一個初學者如何可以在浩瀚的linux海洋裏找到自己的小舟,遨遊其中。我就是在尋覓的其中一員,希望你也是。接觸linux內核,學習源代碼,學習大師
們的傑作,這就是我的原動力,網上太多如何學習linux源代碼的方法,可能適合一部分人,每個人都有自己的方法。而我,經過很常時間的思考,於是下定決
心,先攻破晦澀的英語這關,因爲代碼註釋都是英文。我希望和有興趣的初學者一起完成我們的遨遊,那是無比的快樂和幸福!我英語只過了4級,翻譯得很爛,只
是將我以爲必要的翻譯了,希望有愛好者能有時間將它補充完整,有些地方還翻譯得不好。
來自linux-2.6.36.2/README
Linux kernel release 2.6.xx <http://kernel.org/>
These are the release notes for Linux version 2.6. Read them carefully,
as they tell you what this is all about, explain how to install the
kernel, and what to do if something goes wrong.
WHAT IS LINUX?
Linux is a clone of the operating system Unix, written from scratch by
Linus Torvalds with assistance from a loosely-knit team of hackers across
the Net.
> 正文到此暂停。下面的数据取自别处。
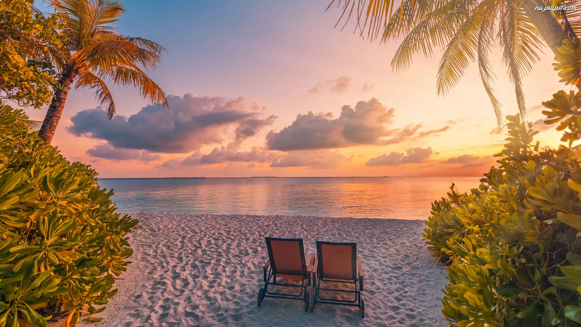Leżaki, Morze, Plaża, Chmury, Palmy Na Pulpit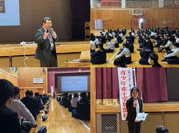 本日の5校時、JRC(青少年赤十字)賛助奉仕団の川津様と日本赤十字社島根県支部の好田様の2名をお招きして、JRC登録式を行いました。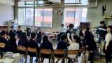 修了式後の教室の様子です。たくさんのクラスがお楽しみ会をしており、大きな笑い声...

It aims towards POSIX and Single UNIX Specification compliance.
It has all the features you would expect in a modern fully-fledged Unix,
including true multitasking, virtual memory, shared libraries, demand
loading, shared copy-on-write executables, proper memory management,
and multistack networking including IPv4 and IPv6.
It is distributed under the GNU General Public License - see the
accompanying COPYING file for more details.
ON WHAT HARDWARE DOES IT RUN?
在什麼機器上可以跑?
Although originally developed first for 32-bit x86-based PCs (386 or higher),
today Linux also runs on (at least) the Compaq Alpha AXP, Sun SPARC and
UltraSPARC, Motorola 68000, PowerPC, PowerPC64, ARM, Hitachi SuperH, Cell,
IBM S/390, MIPS, HP PA-RISC, Intel IA-64, DEC VAX, AMD x86-64, AXIS CRIS,
Xtensa, AVR32 and Renesas M32R architectures.
Linux is easily portable(方便的) to most general-purpose 32- or 64-bit architectures
as long as they have a paged memory management unit (PMMU) and a port of the
GNU C compiler (gcc) (part of The GNU Compiler Collection, GCC). Linux has
also been ported to a number of architectures without a PMMU, although
functionality is then obviously somewhat(有點) limited.
Linux has also been ported to itself. You can now run the kernel as a
userspace application - this is called UserMode Linux (UML).
linux很容易就可以移植到32或者64位的機器上,只要它們有內存管理單元(PMMU)和一個GNU C編譯工具。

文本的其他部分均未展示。